I think it is more of a loss to be unable to query on people with forename "Richard" than to be unable to query all dimensions involving '6 inches'. So I agree that we should not pursue this particular line of thought.
As regards using an XML encoding within a literal, I think this would be a really bad idea. It would require the provision of an XML parser and support tools within the context of all RDF serializations (Turtle, JSON, ...). RDF/XML has provision for embedded XML, but this wouldn't help for any other serialization of the RDF.
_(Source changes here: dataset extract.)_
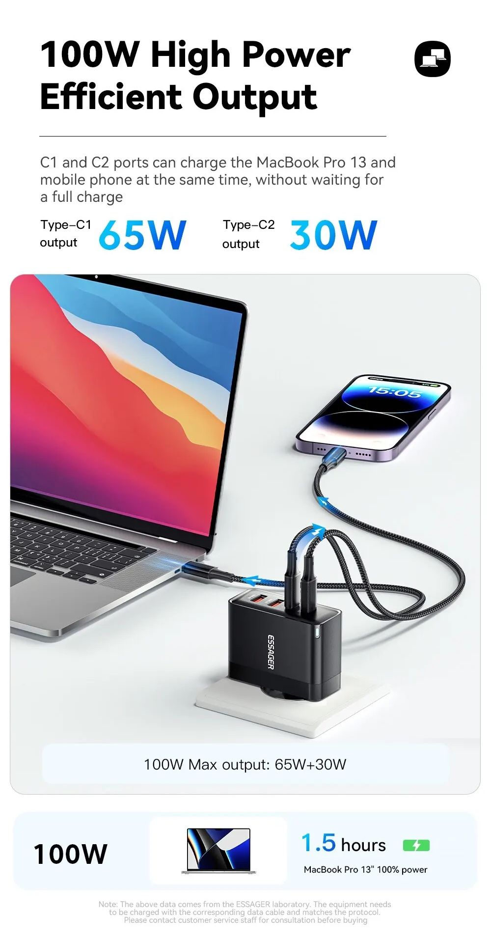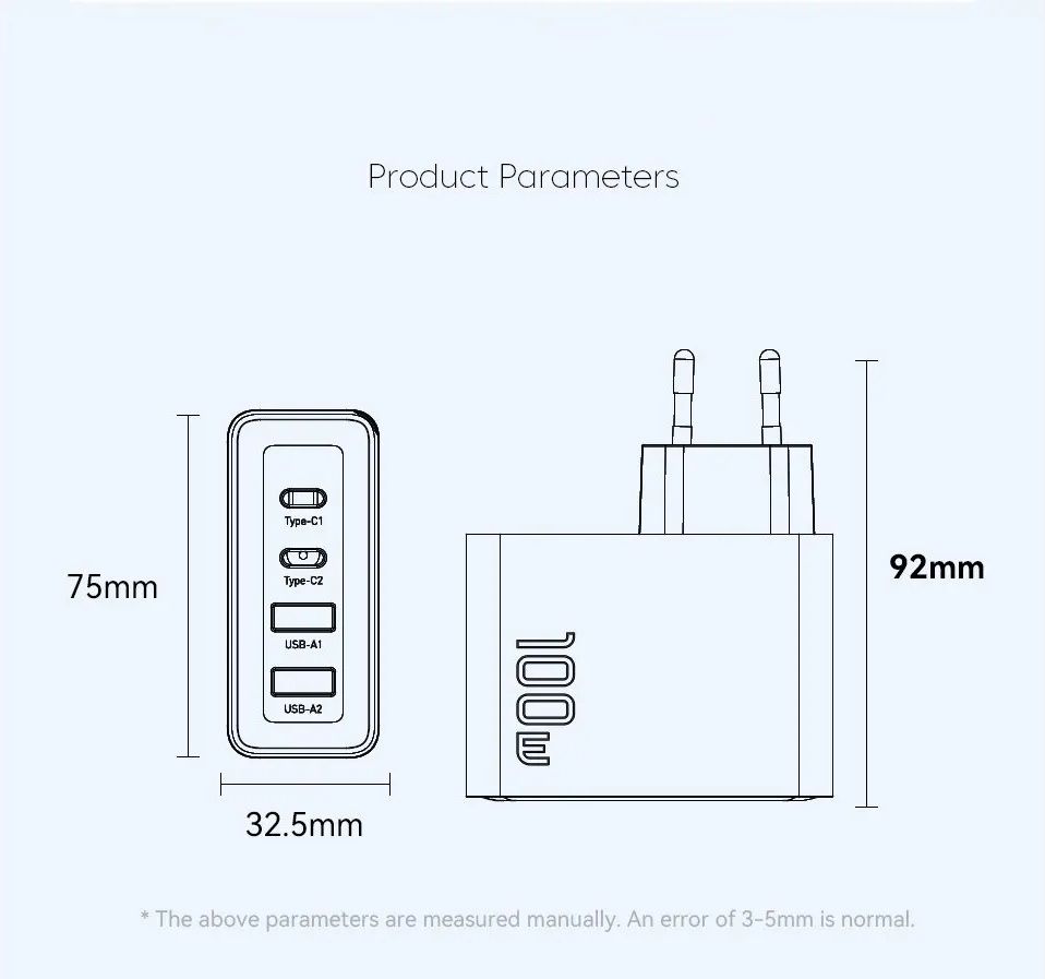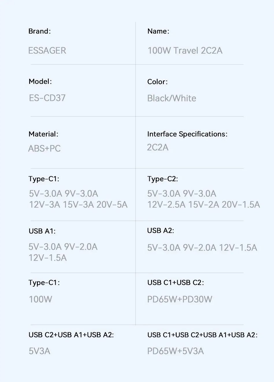 - Type-C1: 5V/3A; 9V/3A; 12V/3A; 15V/3A; 20V/5A (100W Max)
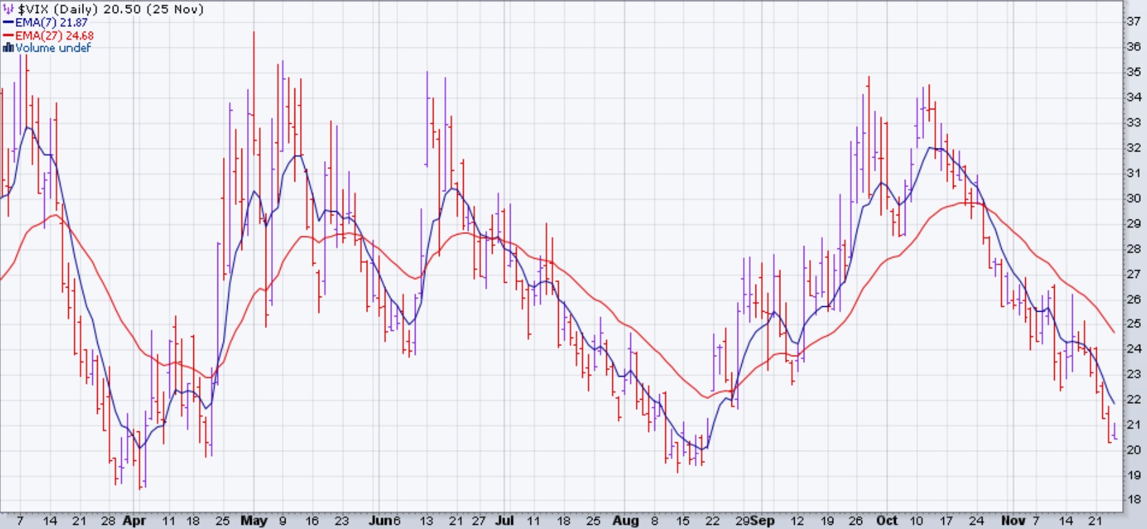 Le marché (SPX et dérivés) est monté de 1.5% la semaine du 21 novembre 2022. Cela s'est produit au cours d'une semaine qui a été raccourcie pour les vacances de l'Action de Grâce Américaine. Le marché a été fermé jeudi toute la journée et vendredi il a fermé à 13h00. La hausse de cette semaine prolonge l'avance de novembre du S&P 500 de 4% pour novembre avec seulement trois sessions restantes dans le mois.

Posted by Christian Emil on 22/11/2018
As Richard and Øyvind show, it is always possible to encode infomormation into a string both in MARC and in XML. It is of course also possible to use JSON for those prefering that schema formalism. MARC is old, that is correct and it is not very readable. I would dare to say that MARC and JSON share the unreadability property. MARC and TEI represent predefined but flexible encoding schemas. XML and JSON are general encoding formalisms.
The main point is that data encoded in XML, TEI-XML, MARC, JSON are strings which can be represented as literals in RDF. However, if one want to decode the string into structured information one need to know (and agree on) the encoding schema. As Øyvind points out, there are many ways to encode the same information in TEI as well as in MARC.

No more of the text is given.